Tuesday, February 24, 2004

Just Dial 911?

From the Chicago Tribune:
A Wilmette man who was cited for violating the village's handgun ban after he shot an intruder in his kitchen has invoked U.S. Supreme Court rulings on sodomy and pornography laws to argue that the gun ban violates his privacy rights, his lawyer said.

Hale DeMar's attorney has asked a Cook County circuit judge to dismiss his case and order the village to pay DeMar's legal bills.

"I want the court to say, 'The Village of Wilmette cannot come into his home and take his gun under this ordinance. They are invading his right to privacy,'" said Robert Orman, DeMar's attorney.

But legal experts said that although the defense strategy is original and possibly unprecedented, it is a long shot, because the courts have wide latitude to determine what is protected under constitutional privacy guarantees.
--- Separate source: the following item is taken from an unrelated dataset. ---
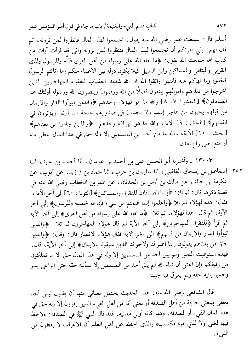 13003 - وَأَخْبَرَنَا أَبُو الْحَسَنِ عَلِيُّ بْنُ أَحْمَدَ بْنِ عَبْدَانَ , أنا أَحْمَدُ بْنُ عُبَيْدٍ , ثنا إِسْمَاعِيلُ بْنُ إِسْحَاقَ الْقَاضِي , ثنا سُلَيْمَانُ بْنُ حَرْبٍ , ثنا حَمَّادُ بْنُ زَيْدٍ , عَنْ أَيُّوبَ , عَنْ عِكْرِمَةَ بْنِ خَالِدٍ , عَنْ مَالِكِ بْنِ أَوْسِ بْنِ الْحَدَثَانِ , عَنْ عُمَرَ بْنِ الْخَطَّابِ رَضِيَ اللهُ عَنْهُ فِي قِصَّةٍ ذَكَرَهَا، قَالَ: " ثُمَّ تَلَا {§إِنَّمَا الصَّدَقَاتُ لِلْفُقَرَاءِ وَالْمَسَاكِينِ} [التوبة: 60] إِلَى آخِرِ الْآيَةِ "، فَقَالَ: " هَذِهِ لِهَؤُلَاءِ، ثُمَّ تَلَا {وَاعْلَمُوا أَنَّمَا غَنِمْتُمْ مِنْ شَيْءٍ فَأَنَّ لِلَّهِ خُمُسَهُ وَلِلرَّسُولِ} [الأنفال: 41] إِلَى آخِرِ الْآيَةِ " , ثُمَّ قَالَ: " هَذَا لِهَؤُلَاءِ، ثُمَّ تَلَا {مَا أَفَاءَ اللهُ عَلَى رَسُولِهِ مِنْ أَهْلِ الْقُرَى} [الحشر: 7] إِلَى آخِرِ الْآيَةِ " , " ثُمَّ قَرَأَ {لِلْفُقَرَاءِ الْمُهَاجِرِينَ} [الحشر: 8] إِلَى آخِرِ الْآيَةِ " , ثُمَّ قَالَ: " هَؤُلَاءِ الْمُهَاجِرُونَ , ثُمَّ تَلَا {وَالَّذِينَ تَبَوَّءُوا الدَّارَ وَالْإِيمَانَ مِنْ قَبْلِهِمْ} إِلَى آخِرِ الْآيَةِ " , فَقَالَ: " هَؤُلَاءِ الْأَنْصَارُ، قَالَ: وَقَرَأَ {وَالَّذِينَ جَاءُوا مِنْ بَعْدِهِمْ يَقُولُونَ رَبَّنَا اغْفِرْ لَنَا وَلِإِخْوَانِنَا الَّذِينَ سَبَقُونَا بِالْإِيمَانِ} إِلَى آخِرِ الْآيَةِ، قَالَ: " فَهَذِهِ اسْتَوْعَبَتِ النَّاسَ، وَلَمْ يَبْقَ أَحَدٌ مِنَ الْمُسْلِمِينَ إِلَّا وَلَهُ فِي هَذَا الْمَالِ حَقٌّ، إِلَّا مَا تَمْلِكُونَ مِنْ رَقِيقِكُمْ، فَإِنْ أَعِشْ إِنْ شَاءَ اللهُ لَمْ يَبْقَ أَحَدٌ مِنَ الْمُسْلِمِينَ إِلَّا سَيَأْتِيهِ حَقُّهُ حَتَّى الرَّاعِي بِسُرَّ وَحِمْيَرَ يَأْتِيهِ حَقُّهُ، وَلَمْ يَعْرَقْ فِيهِ جَبِينُهُ " قَالَ الشَّافِعِيُّ رَضِيَ اللهُ عَنْهُ: هَذَا الْحَدِيثُ يَحْتَمِلُ مَعَانِيَ، مِنْهَا أَنْ يَقُولَ: لَيْسَ أَحَدٌ يُعْطِي، بِمَعْنَى حَاجَةٍ مِنْ أَهْلِ الصَّدَقَةِ , أَوْ مَعْنَى أَنَّهُ مِنْ أَهْلِ الْفَيْءِ الَّذِينَ يَغْزُونَ، إِلَّا وَلَهُ حَقٌّ فِي هَذَا الْمَالِ؛ الْفَيْءِ أَوِ الصَّدَقَةِ , وَهَذَا كَأَنَّهُ أَوْلَى مَعَانِيهِ؛ فَقَدْ قَالَ النَّبِيُّ صَلَّى اللهُ عَلَيْهِ وَسَلَّمَ فِي الصَّدَقَةِ: " لَا حَظَّ فِيهَا لِغَنِيٍّ وَلَا لِذِي مَرَّةٍ مُكْتَسِبٍ "، وَالَّذِي أَحْفَظُ عَنْ أَهْلِ الْعِلْمِ أَنَّ الْأَعْرَابَ لَا يُعْطَوْنَ مِنَ الْفَيْءِ. -[573]- قَالَ الشَّيْخُ: قَدْ مَضَى هَذَا فِي حَدِيثِ بُرَيْدَةَ عَنِ النَّبِيِّ صَلَّى اللهُ عَلَيْهِ وَسَلَّمَ، وَقَدْ حَكَى أَبُو عَبْدِ الرَّحْمَنِ الشَّافِعِيُّ عَنِ الشَّافِعِيِّ أَنَّهُ قَالَ فِي كِتَابِ السِّيَرِ الْقَدِيمِ مَعْنَى هَذَا , ثُمَّ اسْتَثْنَى فَقَالَ: إِلَّا أَنْ لَا يُصَابَ أَحَدُ الْمَالَيْنِ , وَيُصَابَ الْآخَرُ بِالصِّنْفَيْنِ إِلَيْهِ حَاجَةٌ فَيُشْرِكُ بَيْنَهُمْ فِيهِ، قَالَ: وَقَدْ أَعَانَ أَبُو بَكْرٍ رَضِيَ اللهُ عَنْهُ خَالِدَ بْنَ الْوَلِيدِ رَضِيَ اللهُ عَنْهُ فِي خُرُوجِهِ إِلَى أَهْلِ الرِّدَّةِ بِمَالٍ أَتَى بِهِ عَدِيُّ بْنُ حَاتِمٍ مِنْ صَدَقَةِ قَوْمِهِ، فَلَمْ يُنْكَرْ عَلَيْهِ ذَلِكَ؛ إِذْ كَانَتْ بِالْقَوْمِ إِلَيْهِ حَاجَةٌ، وَالْفَيْءُ مِثْلُ ذَلِكَ

Demar was charged with misdemeanors for illegally owning a pair of handguns and faces a fine of $750. Robert Orman (Demar's lawyer), cited the recent Supreme Court decision that upheld a right to privacy and overturned Texas' sodomy laws, and argues that the village and its gun-ban ordinance "punish Demar for protecting himself and his family" and "strip Demar of his constitutional right to privacy in the home." He also emphasized that they are not necessarily seeking to overturn the ban but instead add a "judicial gloss" that would prevent its enforcement in cases of self-defense.

Village attorney, Tim Frenzer, of course disagrees, characterizing Demar's defense as "completely lacking in merit" and "beyond reasonable debate." The default advice seems to be: "Just dial 911." But the police can't be everywhere and certainly can't prevent every crime. Lots of them happen (598 murders in Chicago last year - and the city has a gun ban). Not only can they not prevent all (or even most) crimes, the government has no legal obligation to do so. Courts have continually reaffirmed that police owe a duty to protect the public in general, but not to protect any particular individual.

So here's the situation, the government creates a police force and a 911 emergency system, then announces to the world that you are prohibited from obtaining private defense in the form of firearms. Of course, because the police can't be everywhere, violent criminals still possess these weapons and now they know that you don't.

Demar is all to aware of this. The intruder that he shot, Mario Billings, forced his way into his house for the second time in 24 hours. The police were unable to prevent the same crime perpetrated by the same man in the same location twice in the span of a day. If Demar had followed the law he and his family would have been left defenseless holding a telephone instead of a gun.

The police can't always protect you, so you rely on 911. Unfortunately, emergency response teams rarely get to the scene in time to prevent the crime, and they don't have a legal obligation to show up at all so you can't sue (assuming you've survived the incident). Too often citizens dial 911 and die, and assuming Demar loses his case, government policy will continue to turn people into crime statistics.